▶ INSTRUCTIONS TO FOLLOW
Nothing but the lines from the one containing "For mixed bottles, pots, tubs" through the end of the entries below should appear in your answer, transcribed exactly; please drop the pictures.

Segment Start: MATERIAL FOR THIS EXERCISE

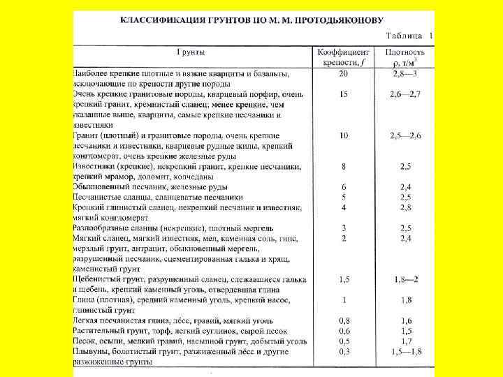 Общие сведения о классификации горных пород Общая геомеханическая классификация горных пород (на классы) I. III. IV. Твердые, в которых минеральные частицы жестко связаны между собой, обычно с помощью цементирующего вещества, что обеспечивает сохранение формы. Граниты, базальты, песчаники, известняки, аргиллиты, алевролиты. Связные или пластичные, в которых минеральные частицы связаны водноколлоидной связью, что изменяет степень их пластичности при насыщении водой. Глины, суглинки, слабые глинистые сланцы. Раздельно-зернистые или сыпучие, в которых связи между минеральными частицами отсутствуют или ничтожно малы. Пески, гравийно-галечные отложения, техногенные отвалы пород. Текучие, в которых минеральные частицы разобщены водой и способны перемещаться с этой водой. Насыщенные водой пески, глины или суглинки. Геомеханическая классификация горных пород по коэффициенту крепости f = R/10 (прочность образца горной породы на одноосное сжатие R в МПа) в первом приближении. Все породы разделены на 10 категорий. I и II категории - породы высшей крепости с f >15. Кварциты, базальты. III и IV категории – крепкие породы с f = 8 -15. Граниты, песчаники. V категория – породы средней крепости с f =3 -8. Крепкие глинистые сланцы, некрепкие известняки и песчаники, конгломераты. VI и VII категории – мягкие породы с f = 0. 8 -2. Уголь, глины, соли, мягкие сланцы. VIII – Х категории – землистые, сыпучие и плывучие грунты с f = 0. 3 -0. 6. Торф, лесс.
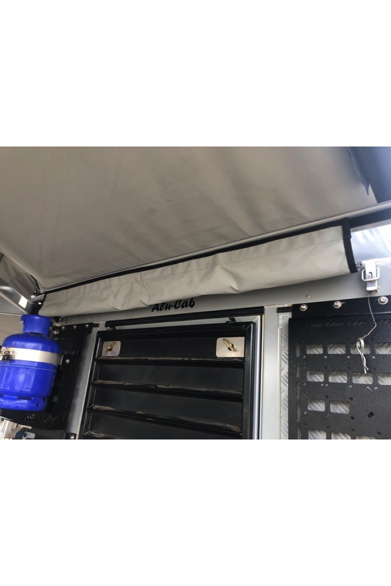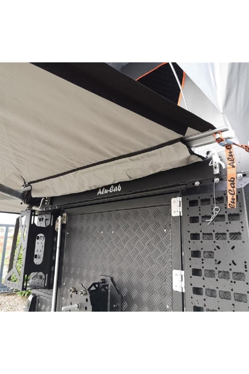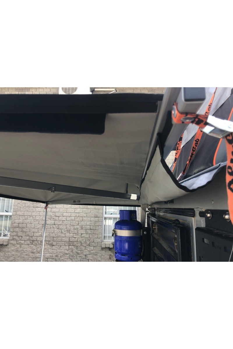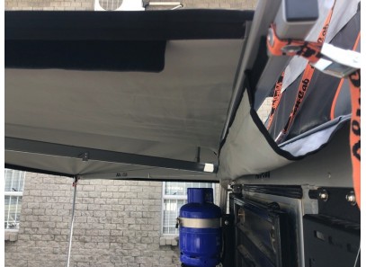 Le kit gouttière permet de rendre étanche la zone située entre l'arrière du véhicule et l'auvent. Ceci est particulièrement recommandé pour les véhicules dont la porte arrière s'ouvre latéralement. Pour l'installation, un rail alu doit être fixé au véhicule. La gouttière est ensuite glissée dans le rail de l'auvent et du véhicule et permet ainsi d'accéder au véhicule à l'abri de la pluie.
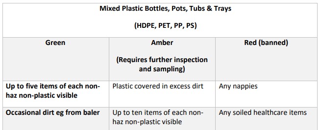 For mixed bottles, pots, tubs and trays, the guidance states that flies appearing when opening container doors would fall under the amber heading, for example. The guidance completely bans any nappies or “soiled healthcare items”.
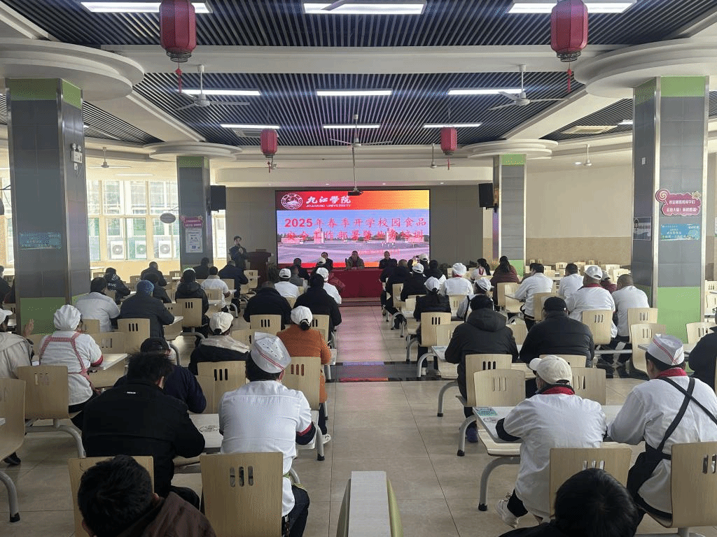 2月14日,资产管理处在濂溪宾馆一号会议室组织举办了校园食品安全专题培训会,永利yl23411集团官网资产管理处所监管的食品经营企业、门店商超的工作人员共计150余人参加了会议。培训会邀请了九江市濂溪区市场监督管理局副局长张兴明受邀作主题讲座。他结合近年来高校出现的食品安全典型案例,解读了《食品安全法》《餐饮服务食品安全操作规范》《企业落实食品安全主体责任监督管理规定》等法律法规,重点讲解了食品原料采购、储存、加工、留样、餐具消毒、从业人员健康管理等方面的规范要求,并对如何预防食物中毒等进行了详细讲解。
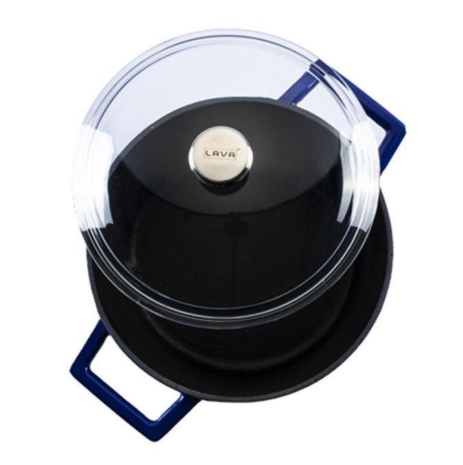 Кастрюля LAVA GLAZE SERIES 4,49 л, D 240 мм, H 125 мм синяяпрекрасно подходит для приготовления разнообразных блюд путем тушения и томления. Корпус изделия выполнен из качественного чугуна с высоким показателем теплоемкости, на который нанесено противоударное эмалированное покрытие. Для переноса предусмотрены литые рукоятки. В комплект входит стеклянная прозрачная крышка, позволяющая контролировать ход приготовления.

Segment End: MATERIAL FOR THIS EXERCISE

▶ RESULT FOR THIS EXERCISE
 For mixed bottles, pots, tubs and trays, the guidance states that flies appearing when opening container doors would fall under the amber heading, for example. The guidance completely bans any nappies or “soiled healthcare items”.
 2月14日,资产管理处在濂溪宾馆一号会议室组织举办了校园食品安全专题培训会,永利yl23411集团官网资产管理处所监管的食品经营企业、门店商超的工作人员共计150余人参加了会议。培训会邀请了九江市濂溪区市场监督管理局副局长张兴明受邀作主题讲座。他结合近年来高校出现的食品安全典型案例,解读了《食品安全法》《餐饮服务食品安全操作规范》《企业落实食品安全主体责任监督管理规定》等法律法规,重点讲解了食品原料采购、储存、加工、留样、餐具消毒、从业人员健康管理等方面的规范要求,并对如何预防食物中毒等进行了详细讲解。
 Кастрюля LAVA GLAZE SERIES 4,49 л, D 240 мм, H 125 мм синяяпрекрасно подходит для приготовления разнообразных блюд путем тушения и томления. Корпус изделия выполнен из качественного чугуна с высоким показателем теплоемкости, на который нанесено противоударное эмалированное покрытие. Для переноса предусмотрены литые рукоятки. В комплект входит стеклянная прозрачная крышка, позволяющая контролировать ход приготовления.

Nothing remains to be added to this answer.